Restate the data word for word. Leave the pictures out.

→ **Data for this exercise**

========

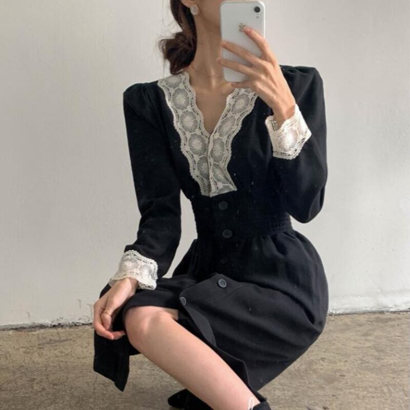 VネックレースFlowerデザイン スリムウェストドレス エレガント フラワーデザイン ステッチ ICC_レディース5252605
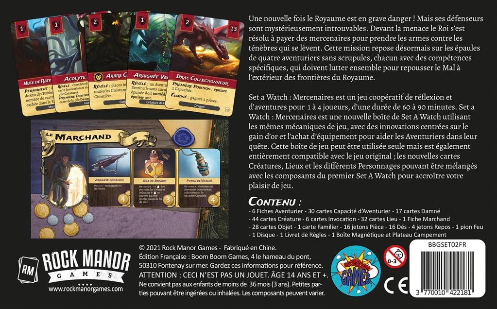 Set a Watch : Mercenaires est un jeu coopératif de Todd Walsh, pour 1 à 4 joueurs, d’une durée de 60mn.
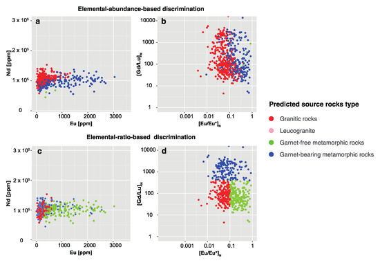 Comparison of source rock types predicted by (a,b) elemental-abundance-based discrimination and (c,d) elemental-ratio-based discrimination. (a,c) Plot of Nd versus Eu and (b,d) plot of [Gd/Lu]N versus [Eu/Eu*]N.
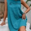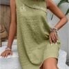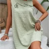 Crafted from a textured, lightweight fabric, this dress offers both comfort and breathability. Its sleeveless cut ensures freedom of movement, making it ideal for casual outings or summer getaways. The loose fit enhances its relaxed vibe.
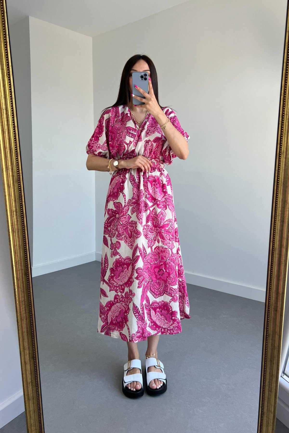 Pembe Kruvaze Yaka Keten Maxi Boy Elbise (elbise14)
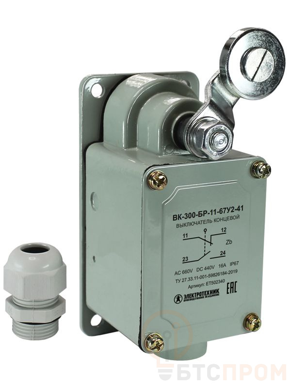 Выключатель конечный ВК-300 БР11-67У2-41 от производителя "Электротехник" (артикул ET502340) — это надежный аппарат управления, предназначенный для коммутации цепей контроля и сигнализации в зависимости от положения механизмов различных промышленных установок.
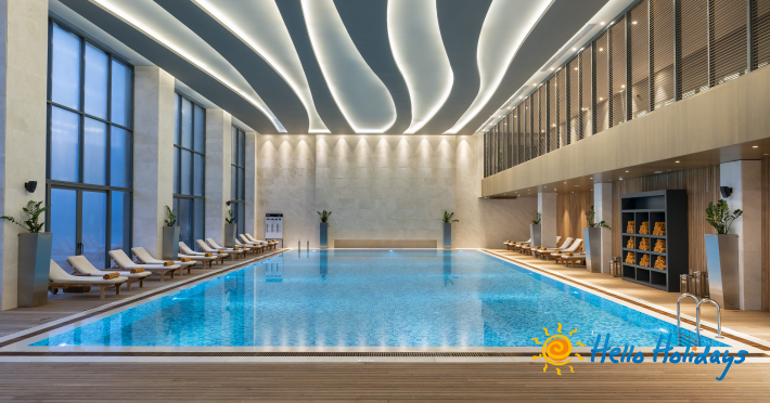 Hotelul dispune de 7 piscine (6 exterioare si 1 interioara; 1 piscina exterioara – doar adulti) + 2 piscine pentru copii (1 exterioara si 1 interioara). *Toate piscinele sunt cu apa proaspata. Incalzirea sezoniera este in aprilie-mai si octombrie.
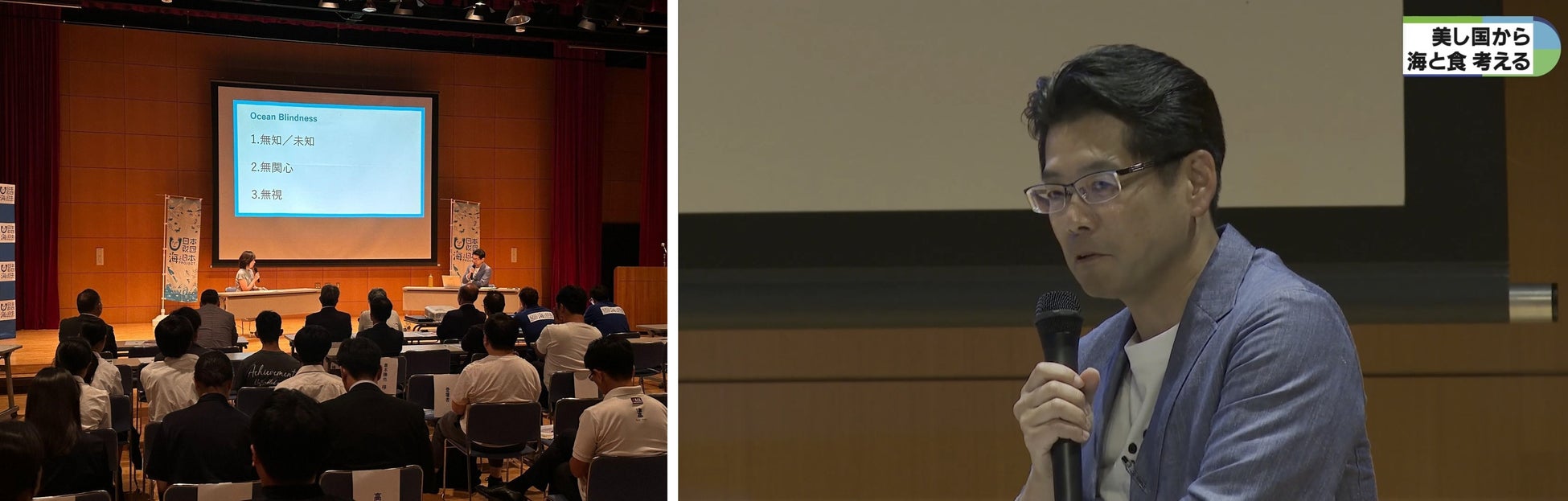 日本だけでなく世界で活躍している日本財団常務理事の海野光行氏と、地方創生がライフワークのフリーキャスター伊藤聡子さんによるトークセッションが、Ocean Blindnessの視点のもと繰り広げられました。
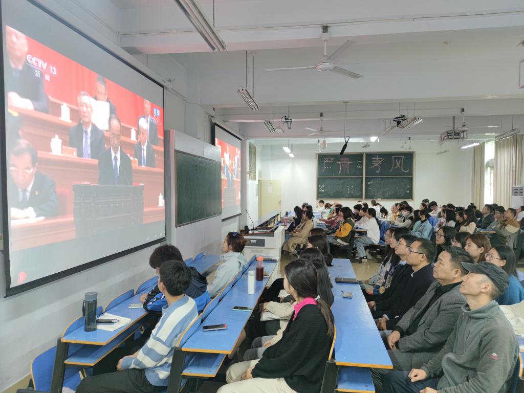 在纪念辛亥革命110周年大会上,习近平总书记高度评价了辛亥革命的历史功勋,回顾了中国共产党团结带领中国人民取得的伟大成就,总结了辛亥革命110年来的历史启示,强调了祖国完成统一的历史任务。习总书记重要讲话自始至终贯穿着“振兴中华”这一鲜明主题,高度赞扬辛亥革命——永远是中华民族伟大复兴征程上一座巍然屹立的里程碑!他对海内外全体中华儿女携手向着民族复兴继续奋勇前进目标的呼吁,让全体师生倍感振奋、倍受鼓舞。大家纷纷表示,要深入学习贯彻习近平总书记在纪念辛亥革命110周年大会上重要讲话精神,继承和发扬辛亥革命先驱的伟大精神,担当时代赋予的责任和使命,更加紧密的团结在以习近平同志为核心的党中央周围,真抓实干、奋勇争先,向着第二个百年奋斗目标迈进,为实现中华民族伟大复兴而共同奋斗。
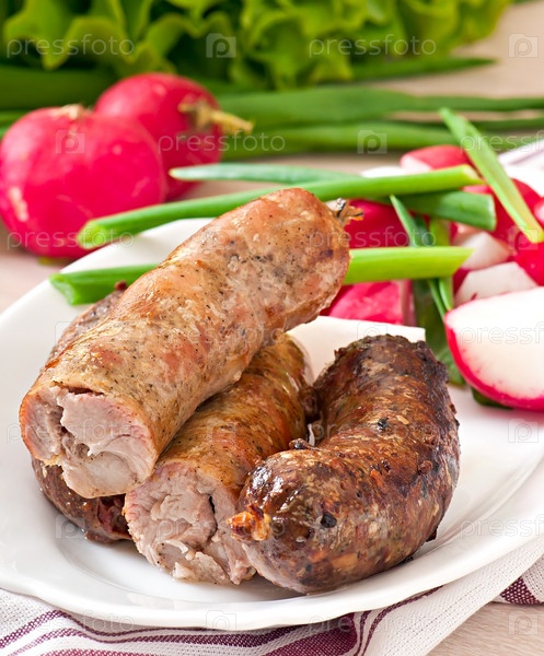 Запеченные домашние колбаски с салатом
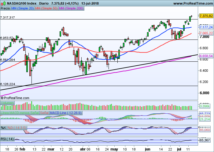 Superación de la zona de los 7.315 enteros que ha llevado al Nasdaq 100 a superar su zona de máximos y entrar técnicamente en subida libre absoluta, pese al alto nivel de sobrecompra existente en el mercado actualmente.
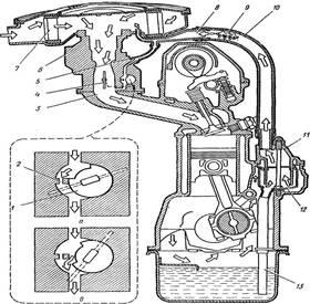 отвода картерных газов непосредственно с за дроссельным пространством карбюратора. Разрежение в за дроссельном пространстве при этом падает, а на входе в карбюратор, наоборот, возрастает и основная часть картерных газов проходит через корпус воздушного фильтра, за счет чего увеличивается интенсивность вентиляции картера с возрастанием нагрузки на двигатель.
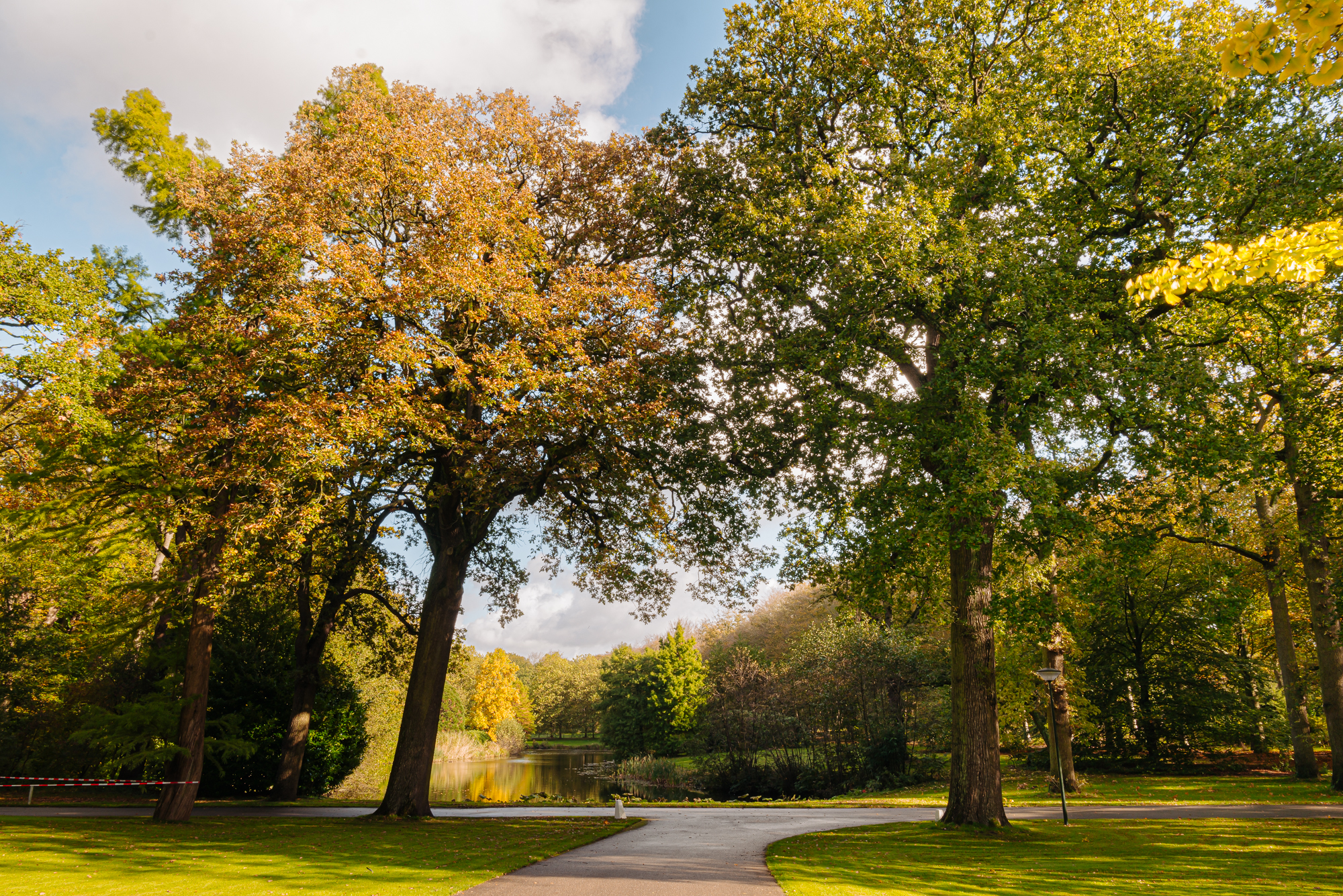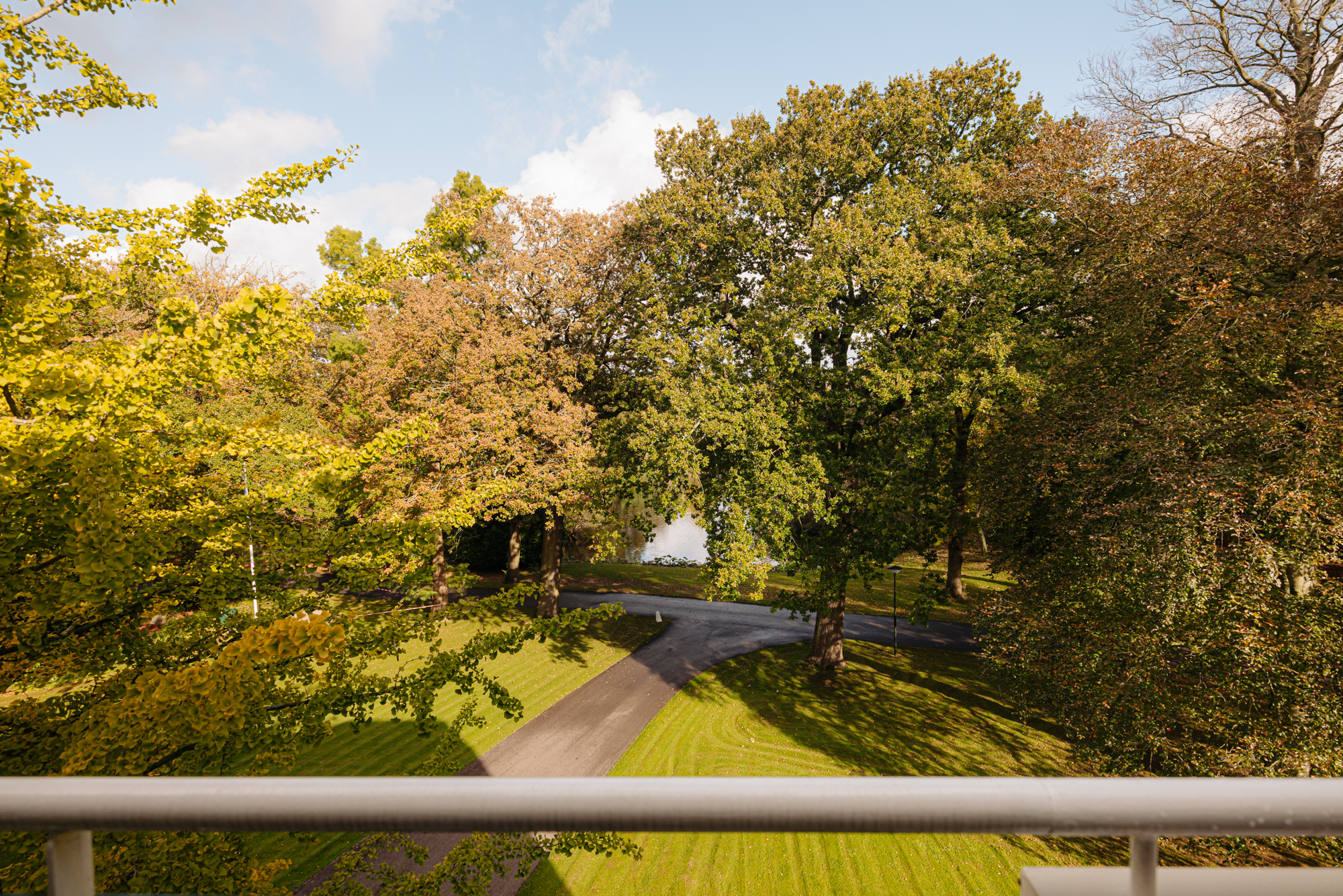 Ruime woonkamer (drie samengetrokken kamers) met gashaard, grote raampartijen en daardoor prachtig uitzicht. Twee balkons omringd door groen.
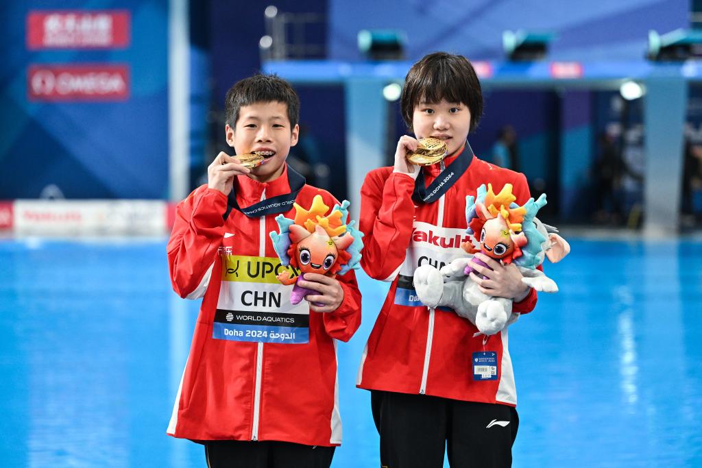 新華社多哈2月3日電(記者劉旸、周欣、孫哲)3日,在2024多哈游泳世錦賽第二個比賽日中,中國跳水組合張家齊/黃建杰奪得混雙10米臺冠軍,花樣游泳女單技術自選決賽中,徐匯妍摘得銅牌。
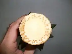 Root primordia (brown spots) as seen on the butt of a freshly cut pineapple crown intended for vegetative reproduction.
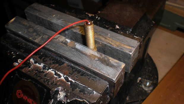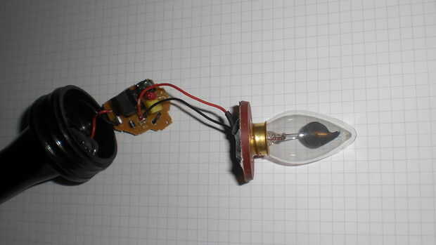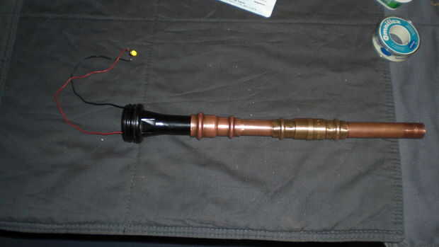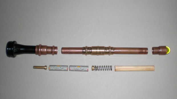 Como fuente de alimentación la antorcha funciona con dos pilas AA en el cobre y el tubo de cobre. Los dos contactos están hechos de latón tornillos y un muelle. Un pedazo pequeño de madera Mantenga las pilas en la posición correcta dentro del tubo de cobre.

========

→ **Result of the exercise**
 VネックレースFlowerデザイン スリムウェストドレス エレガント フラワーデザイン ステッチ ICC_レディース5252605
 Set a Watch : Mercenaires est un jeu coopératif de Todd Walsh, pour 1 à 4 joueurs, d’une durée de 60mn.
 Comparison of source rock types predicted by (a,b) elemental-abundance-based discrimination and (c,d) elemental-ratio-based discrimination. (a,c) Plot of Nd versus Eu and (b,d) plot of [Gd/Lu]N versus [Eu/Eu*]N.
 Crafted from a textured, lightweight fabric, this dress offers both comfort and breathability. Its sleeveless cut ensures freedom of movement, making it ideal for casual outings or summer getaways. The loose fit enhances its relaxed vibe.
 Pembe Kruvaze Yaka Keten Maxi Boy Elbise (elbise14)
 Выключатель конечный ВК-300 БР11-67У2-41 от производителя "Электротехник" (артикул ET502340) — это надежный аппарат управления, предназначенный для коммутации цепей контроля и сигнализации в зависимости от положения механизмов различных промышленных установок.
 Hotelul dispune de 7 piscine (6 exterioare si 1 interioara; 1 piscina exterioara – doar adulti) + 2 piscine pentru copii (1 exterioara si 1 interioara). *Toate piscinele sunt cu apa proaspata. Incalzirea sezoniera este in aprilie-mai si octombrie.
 日本だけでなく世界で活躍している日本財団常務理事の海野光行氏と、地方創生がライフワークのフリーキャスター伊藤聡子さんによるトークセッションが、Ocean Blindnessの視点のもと繰り広げられました。
 在纪念辛亥革命110周年大会上,习近平总书记高度评价了辛亥革命的历史功勋,回顾了中国共产党团结带领中国人民取得的伟大成就,总结了辛亥革命110年来的历史启示,强调了祖国完成统一的历史任务。习总书记重要讲话自始至终贯穿着“振兴中华”这一鲜明主题,高度赞扬辛亥革命——永远是中华民族伟大复兴征程上一座巍然屹立的里程碑!他对海内外全体中华儿女携手向着民族复兴继续奋勇前进目标的呼吁,让全体师生倍感振奋、倍受鼓舞。大家纷纷表示,要深入学习贯彻习近平总书记在纪念辛亥革命110周年大会上重要讲话精神,继承和发扬辛亥革命先驱的伟大精神,担当时代赋予的责任和使命,更加紧密的团结在以习近平同志为核心的党中央周围,真抓实干、奋勇争先,向着第二个百年奋斗目标迈进,为实现中华民族伟大复兴而共同奋斗。
 Запеченные домашние колбаски с салатом
 Superación de la zona de los 7.315 enteros que ha llevado al Nasdaq 100 a superar su zona de máximos y entrar técnicamente en subida libre absoluta, pese al alto nivel de sobrecompra existente en el mercado actualmente.
 отвода картерных газов непосредственно с за дроссельным пространством карбюратора. Разрежение в за дроссельном пространстве при этом падает, а на входе в карбюратор, наоборот, возрастает и основная часть картерных газов проходит через корпус воздушного фильтра, за счет чего увеличивается интенсивность вентиляции картера с возрастанием нагрузки на двигатель.
 Ruime woonkamer (drie samengetrokken kamers) met gashaard, grote raampartijen en daardoor prachtig uitzicht. Twee balkons omringd door groen.
 新華社多哈2月3日電(記者劉旸、周欣、孫哲)3日,在2024多哈游泳世錦賽第二個比賽日中,中國跳水組合張家齊/黃建杰奪得混雙10米臺冠軍,花樣游泳女單技術自選決賽中,徐匯妍摘得銅牌。
 Root primordia (brown spots) as seen on the butt of a freshly cut pineapple crown intended for vegetative reproduction.
 Como fuente de alimentación la antorcha funciona con dos pilas AA en el cobre y el tubo de cobre. Los dos contactos están hechos de latón tornillos y un muelle. Un pedazo pequeño de madera Mantenga las pilas en la posición correcta dentro del tubo de cobre.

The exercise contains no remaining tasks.